_REQUIRED WORK_: Exclude the pictures. Transcribe, exactly as written, the lines from the one with "мытьё в посудомойке" through the end of the entries below.
*** ENTRIES SUPPLIED ***
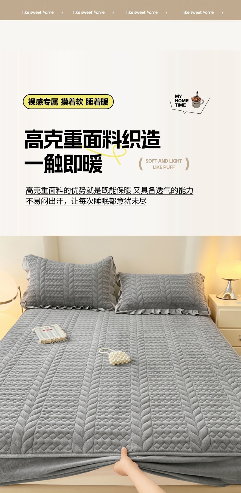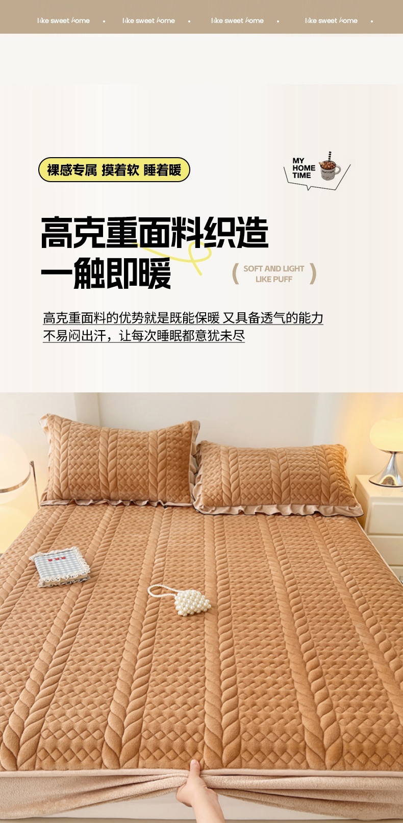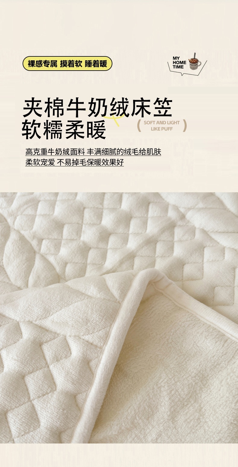商品名称:(总)圣比熊 2025新款牛奶绒夹棉床笠床单床盖床护垫保护罩三件套花边枕套-轻奢
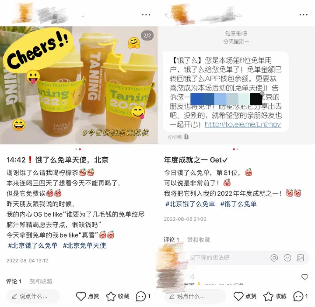 耐不住身邊的同事反復安利,2022年夏天的一個中午,艾可嘗試性地參與了“城市免單專場”的活動,并獲得了餓了么“請客”的三杯檸檬茶。到現(xiàn)在,不知不覺,艾可已經習慣了點外賣的時候,打開餓了么。
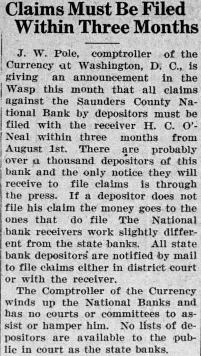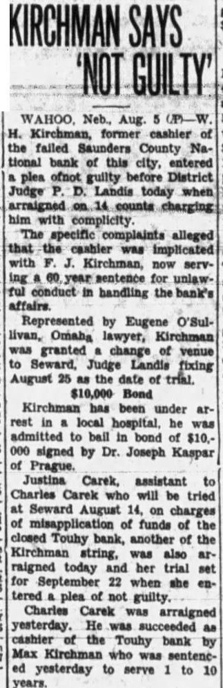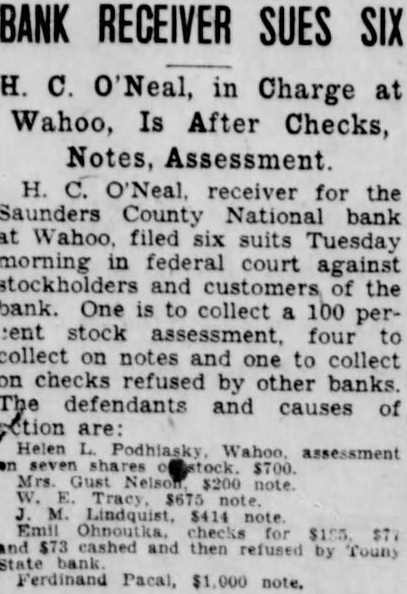 The state Banking Department closed the Nebraska Savings Bank here last Tuesday The Saunders County National Bank, operated same building the same officers, was closed the same time by order the Board Directors. Slow collections caused the banks to close doors. the depositors either penny, declared presithe two institutions. "There are adequate assets to take under the Bank After Banking the Sav ings Bank, the Board of Directors voted to close the National Organized in 1882. The bank organized by George Dorsey of mont 1882, Saunders County National came into existence two years later. banks have steadily, and were among the first small town banks state have million dollars deposits. Kirchman, president of the institutions, connected these banks continuously for almost half century. He came Wahoo, December 1884, and accepted unimportant post the bank. 1893 he pointed assistant cashier, and rise rapid thereafter. promoted vice president 1900 president 1923. Other officers the Kirchman, cashier: Malcolm cashCharles ant the Podhaisky, Teller; Max clerk; Arnold Kirchman, clerk; Roy The last statement the $273,646.32 creditthe Nebraska State Savings Bank and the Saunders County National. Total Examiner Larson charge the Savings Bank Examiner charge of the National Bank. today, State Bank George Woods declared the failure of Wahoo banks precipitated the closing of the following affiliated banks Saunders county: State Bank Touhy, ficers Petermichel, president; Kirchman, president; Kirchman, president, and and bank, Weston, whose officers Kirchman, president, Petermichel, president, Ferdinand Pacal, cashier, James Pavlik, sistant cashier, deposits $168,State bank, of Colon, whose officers are president; Bastar, Sams, vice Henderson, cashier, deposits, Oak Creek Valley bank, araiso, whose officers Kirchman, president; Jul Petermichel, Moscashier; Roh, assistgrove, cashier, deposits Examiner Nelson the Nationbanking system charge Saunders County bank, while the state charge the state Larson, State SavBank Farmers and Merchants Sorensen, State Bank, Virgil Oak Creek Valley Bank Valparaiso. While the other banks the First and Citizens State Banks fortified with large sums cash to meet demand that might made. One the heaviest creditors Saunders County National Bank Saunders County which $25,000 These funds protected by surety bonds, the responsibility the bank.
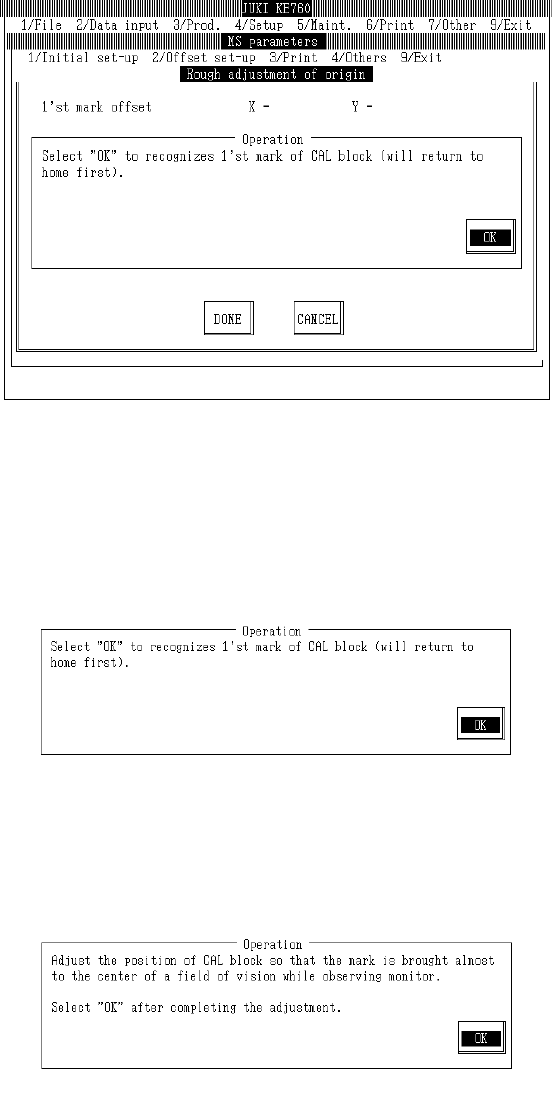 When "OK" is selected, machine returns to home and OCC moves to above CAL block No. 1 mark
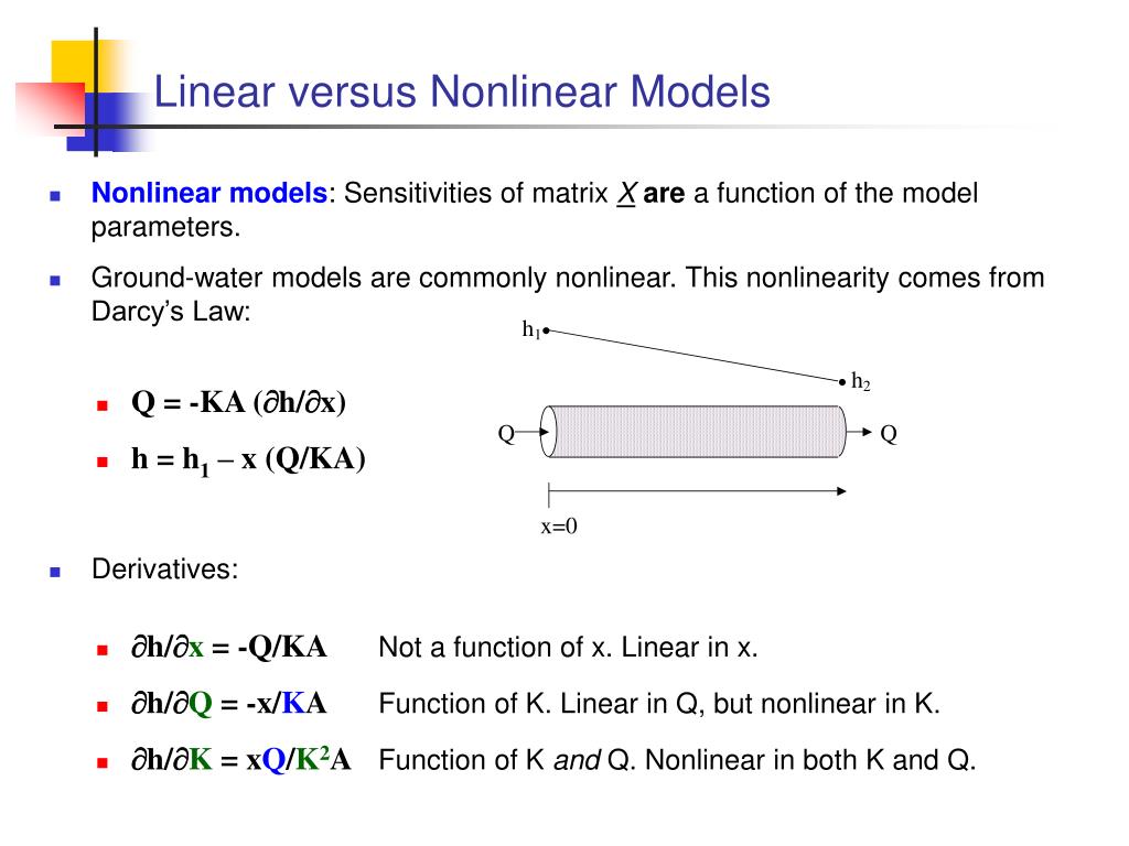 Linear versus Nonlinear Models • Nonlinear models: Sensitivities of matrix Xare a function of the model parameters. • Ground-water models are commonly nonlinear. This nonlinearity comes from Darcy’s Law: • Q = -KA (h/x) • h = h1 – x (Q/KA) • Derivatives: • h/x = -Q/KA Not a function of x. Linear in x. • h/Q = -x/KA Function of K. Linear in Q, but nonlinear in K. • h/K = xQ/K2A Function of K and Q. Nonlinear in both K and Q.
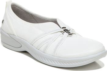 Glinting hardware crowns the top of this shock-absorbing slip-on shoe accented with shimmering stitching on the straps.
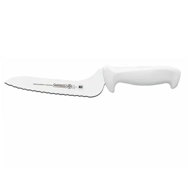 Boost kitchen efficiency with the Mundial W5620-7E Knife, Bread / Sandwich. This high-quality knife is designed to meet the demands of a commercial restaurant setting. With its serrated edge and offset design, it effortlessly slices through bread and sandwiches, ensuring consistent and precise cuts every time. The high carbon/no stain blade retains its sharpness and durability, even with frequent use. The molded white polypropylene handle provides a comfortable grip, allowing for extended use without discomfort. Additionally, the handle is treated with sanitized antimicrobial protection, ensuring a hygienic and safe food preparation environment. The knife is NSF certified, guaranteeing its quality and suitability for commercial use. Upgrade your restaurant's knife collection with the Mundial W5620-7E Knife, Bread / Sandwich and experience improved efficiency and performance.
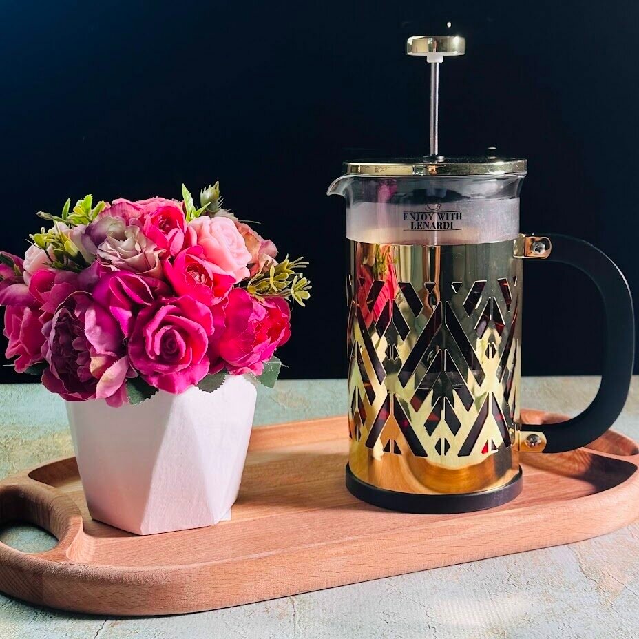 Френч-пресс "Lenardi" 1000 мл, золотистый, стекло, мытьё в посудомойке
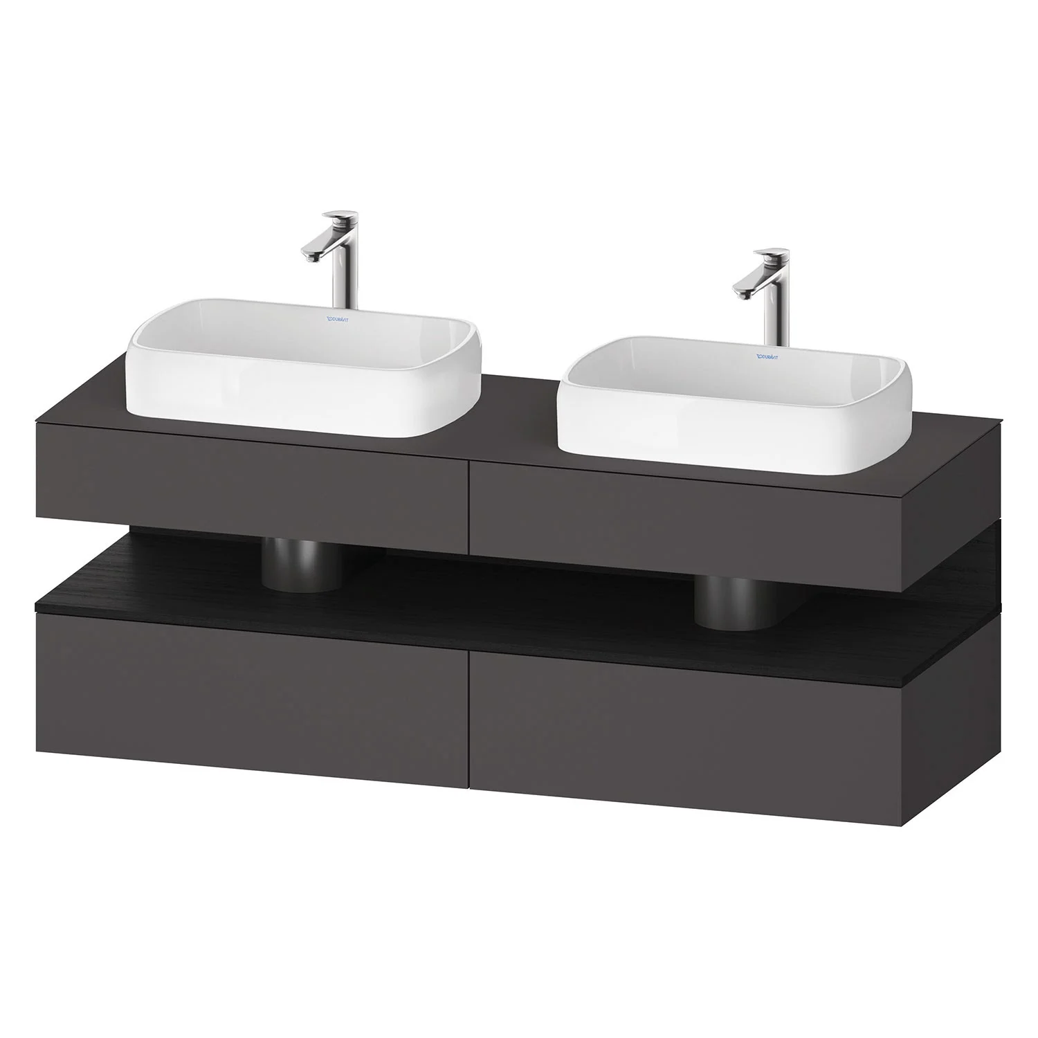 Duravit Qatego Konsolenwaschtischunterbau mit zwei Ausschnitten 160 x 60 cm, 4 Auszüge, mit LED Beleuchtung
***
_SOLUTION TO THIS EXERCISE_:
 Френч-пресс "Lenardi" 1000 мл, золотистый, стекло, мытьё в посудомойке
 Duravit Qatego Konsolenwaschtischunterbau mit zwei Ausschnitten 160 x 60 cm, 4 Auszüge, mit LED Beleuchtung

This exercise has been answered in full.